Querying metrics requires sending metrics data to Honeycomb first.
Metrics are stored in Honeycomb as fields on events. They can be queried just like any other data in a dataset. However, the kinds of queries typically written for metrics differs from traces.
Use any of the following common operations in the VISUALIZE clause of Query Builder when visualizing metrics data:
HEATMAP(<metric_field_name>)AVG(<metric_field_name>)SUM(<metric_field_name>)MAX(<metric_field_name>)MIN(<metric_field_name>)PXX(<metric_field_name>)We recommend that you combine HEATMAP with other Visualize Operations to get a better sense of trends over time.
Refer to the Visualize Operations documentation for more information on these operators.
For metrics data, avoid using the COUNT VISUALIZE operation.
COUNT measures the total number of metrics events rather than the actual value of a metric.
For example, if tracking memory utilization of a host, the COUNT operator will not show the counter associated with memory utilization over time.
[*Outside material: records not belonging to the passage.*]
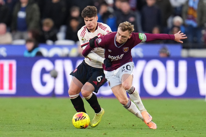Jarrod Bowen of West Ham United and Milos Kerkez of Liverpool battle for the ball during the Premier League match West Ham United vs Liverpool at London Stadium, London, United Kingdom, 30th November 2025, Credit:Harvey Murphy/News Images / Avalon
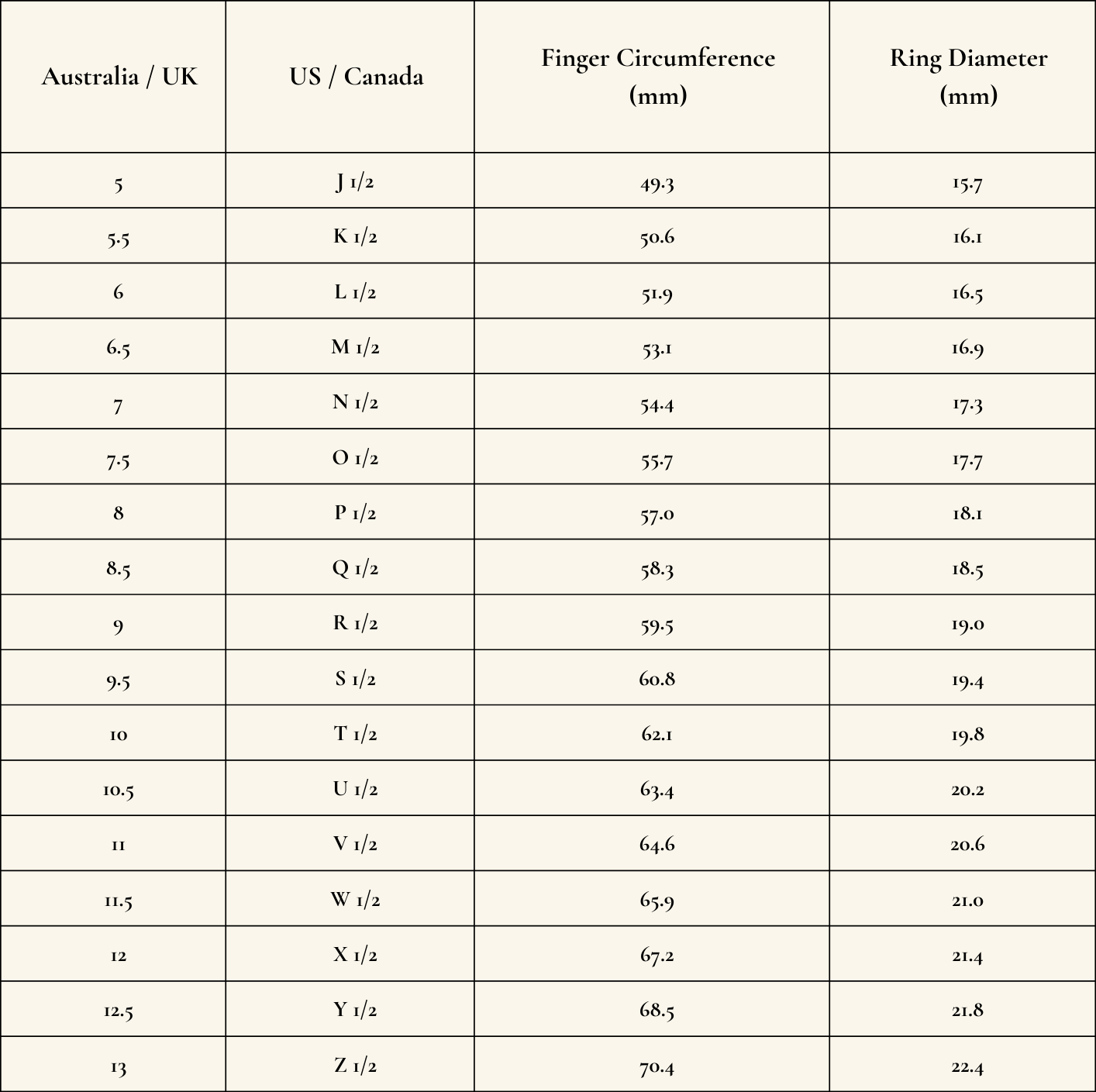 There are two ways to measure find ring size - Inside Diameter and Finger Circumference
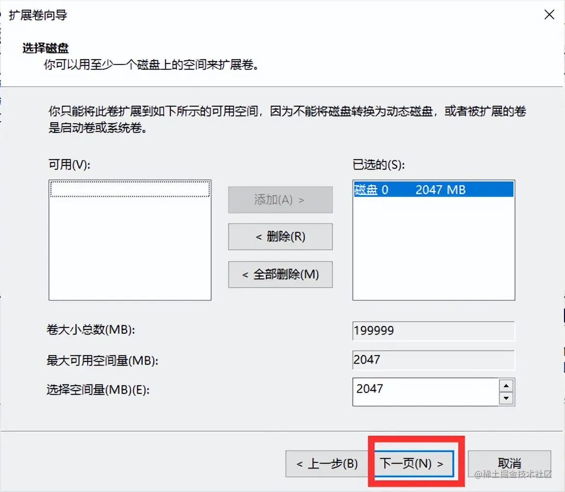 步骤3: 进入【扩展卷向导】界面后,点击【下一页】。
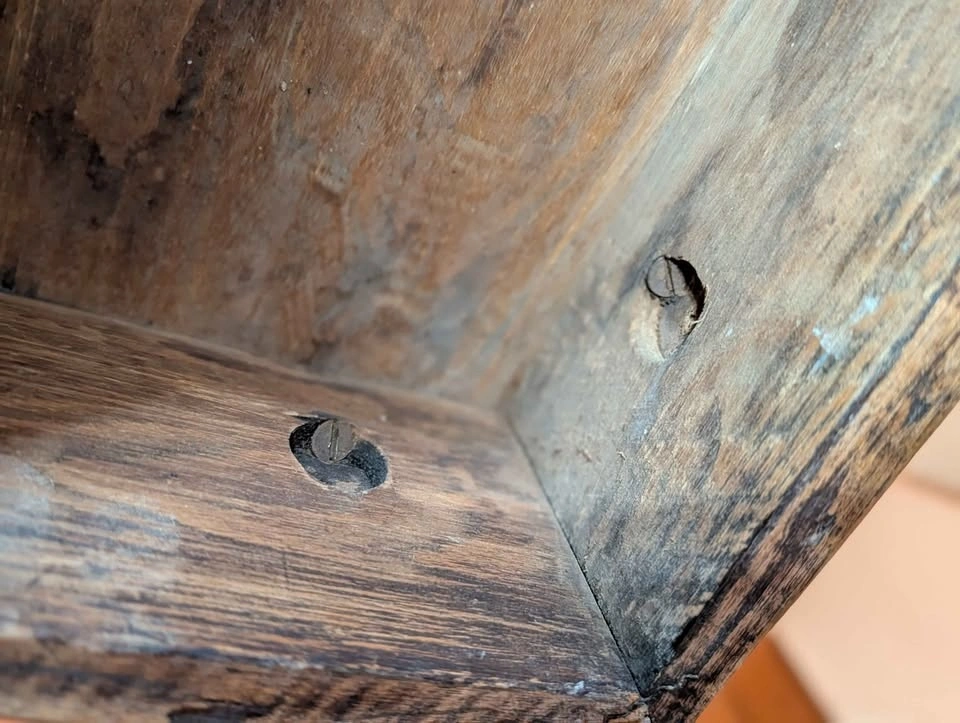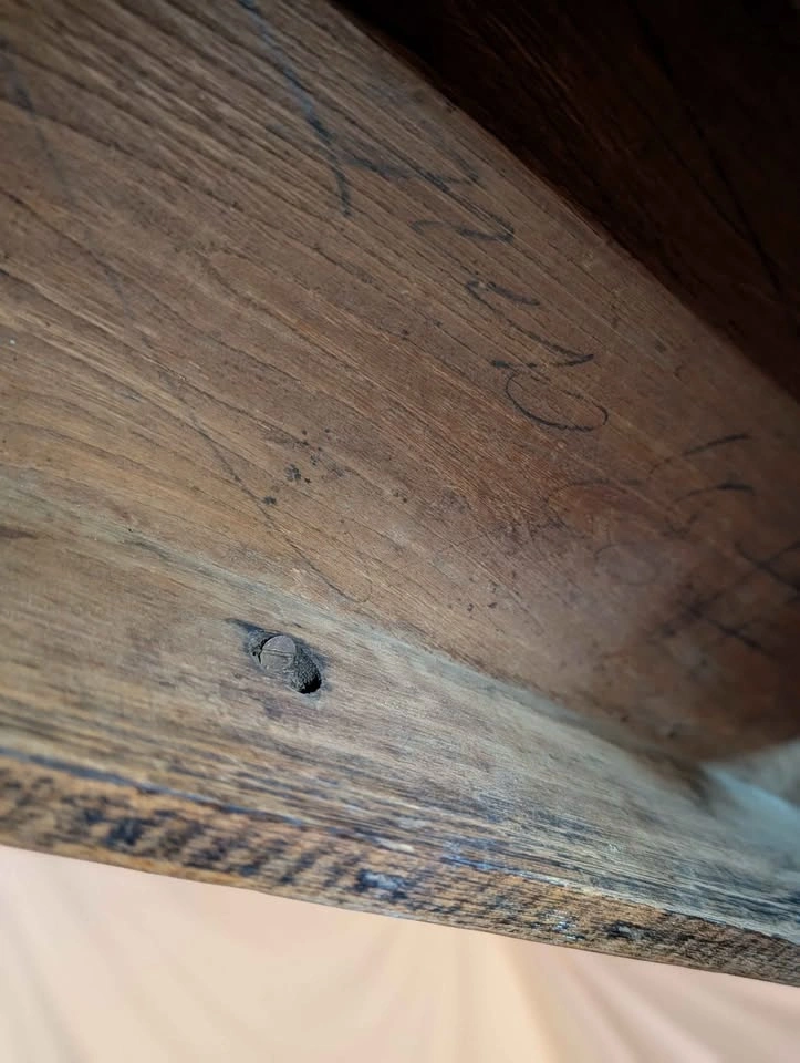The Top: Stripped and refinished to reveal the beautiful oak grain. I intentionally preserved the rustic character, marks, and patina of the wood—I didn't want it to look "new," I wanted it to look like it has a story to tell.
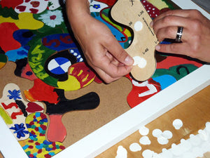 Die Hochzeitsgäste bemalen und gestalten die einzelnen Holzmosaik - Teile kreativ & individuell. Die Mosaikteile werden anschließend zusammengesetzt und das fertige Kunstwerk überreicht.
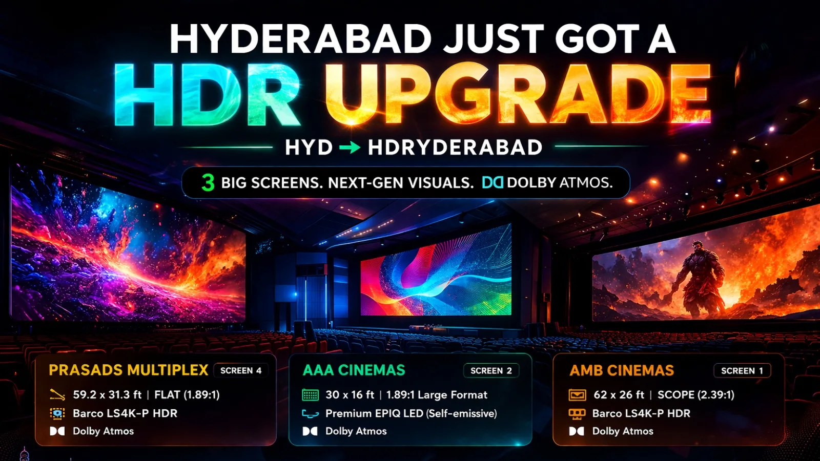 Hyderabad’s cinema experience is getting a premium upgrade, and fans are already calling it “HDRyderabad.” With multiple theatres introducing advanced HDR and LED technologies, the city is stepping into a new era of immersive movie watching.

Instead, use HEATMAP(host.memory_bytes) and AVG(host.memory_bytes) to visualize, assuming the instrument that measures memory utilization is called host.memory_bytes.
Tracking the rate at which a measurement changes over time is a common operation when working with metrics data.
To do that, use RATE_MAX, RATE_AVG, and RATE_SUM aggregate operators.
A common way to query metrics is to have two stacked visualization operations, such as:
| VISUALIZE |
|---|
AVG(host.memory_bytes) RATE_AVG(host.memory_bytes) |
When you visualize both operations, the results show the average memory utilization over time, and also interesting spikes in the rate of change.
The values for any given metric event are the measurements collected at the timestamp associated with the event.
Multiple metrics appear together as separate fields on the same event if they were received as part of the same OTLP request, have equivalent timestamps when truncated to the second (we truncate metric timestamps to the second for improved compaction), and share the same set of unique resources and attributes. Find out how Honeycomb converts incoming metrics data into events.
Counters, gauges, sums, and summary metrics result in single-valued numeric data, and these values show up as individual fields within a metric event, with the field name being the same as the metric name.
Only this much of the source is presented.